It’s considered perfectly legal for foreign nationals to own real estate in the U.S. If you’re looking for Canadian financing for a vacation home in the States, one of the biggest recurring questions potential investors have is about how it will impact their taxes. More specifically, they want to know if they will need to file taxes in the United States. The answer is: “It depends.”
If I buy a vacation property in the United States, do I need to pay income taxes there?
Generally, non-U.S. residents aren’t required to file an American income tax return unless they’ve begun generating income somehow connected to a business within the country, or if they become an employee of a U.S. resident company. Another scenario that might require a U.S. income tax return is if they have disposed of property situated within the U.S. Canadian individuals are considered non-residents of the country if they’re not U.S. citizens or green card holders. Additionally, they must spend less than 120 days a year in America. Therefore, non-residents don’t need to file an income tax return in the States if they buy a vacation property there and keep it for personal use only.
Does that change if I rent out my U.S. property?
If a Canadian property owner rents out their U.S. vacation home for 15 days or more, then they’re supposed to file a income tax return to report the rental activity in the United States. Non-resident owners are supposed to pay 30% of rental income (gross numbers) they may have received as what’s called “withholding tax.” Many non-residents will normally hire a domestic agent to collect rental income and file the withholding tax with the IRS on their behalf. If handled appropriately, the non-resident should have no further income tax filing requirements with the American government.
Cases exist, however, where significant rental expenses may render the 30% tax obligation an unfair difficulty.

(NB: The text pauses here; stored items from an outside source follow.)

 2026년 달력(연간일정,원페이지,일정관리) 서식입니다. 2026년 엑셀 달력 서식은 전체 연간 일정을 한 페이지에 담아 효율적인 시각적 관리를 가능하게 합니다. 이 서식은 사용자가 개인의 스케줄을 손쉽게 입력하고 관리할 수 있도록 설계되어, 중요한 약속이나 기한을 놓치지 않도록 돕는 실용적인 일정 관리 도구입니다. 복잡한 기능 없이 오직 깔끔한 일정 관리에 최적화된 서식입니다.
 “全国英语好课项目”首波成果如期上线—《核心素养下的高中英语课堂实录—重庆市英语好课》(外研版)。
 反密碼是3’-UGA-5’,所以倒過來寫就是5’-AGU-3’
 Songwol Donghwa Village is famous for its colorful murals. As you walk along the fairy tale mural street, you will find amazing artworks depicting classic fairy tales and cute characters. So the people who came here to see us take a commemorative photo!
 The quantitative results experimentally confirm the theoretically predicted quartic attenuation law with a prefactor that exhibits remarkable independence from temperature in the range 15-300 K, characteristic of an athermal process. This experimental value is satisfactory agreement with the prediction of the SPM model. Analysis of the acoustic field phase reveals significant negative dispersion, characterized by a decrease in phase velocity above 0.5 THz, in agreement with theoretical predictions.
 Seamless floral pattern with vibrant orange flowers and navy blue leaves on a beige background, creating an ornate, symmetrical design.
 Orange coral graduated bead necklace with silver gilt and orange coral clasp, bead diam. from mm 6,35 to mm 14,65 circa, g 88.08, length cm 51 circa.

Thankfully, the IRS has concessions in place allowing non-resident property owners to declare something called a “net rental election,” which results in a slightly graduated tax rate instead of the flat 30%. Mainly all that’s required are a few additional tax forms.
Canadian financing for commercial properties makes the equation more complicated, but anyone involved with foreign national mortgage lenders and loans can better explain to you the ins and outs involved.
Good references here.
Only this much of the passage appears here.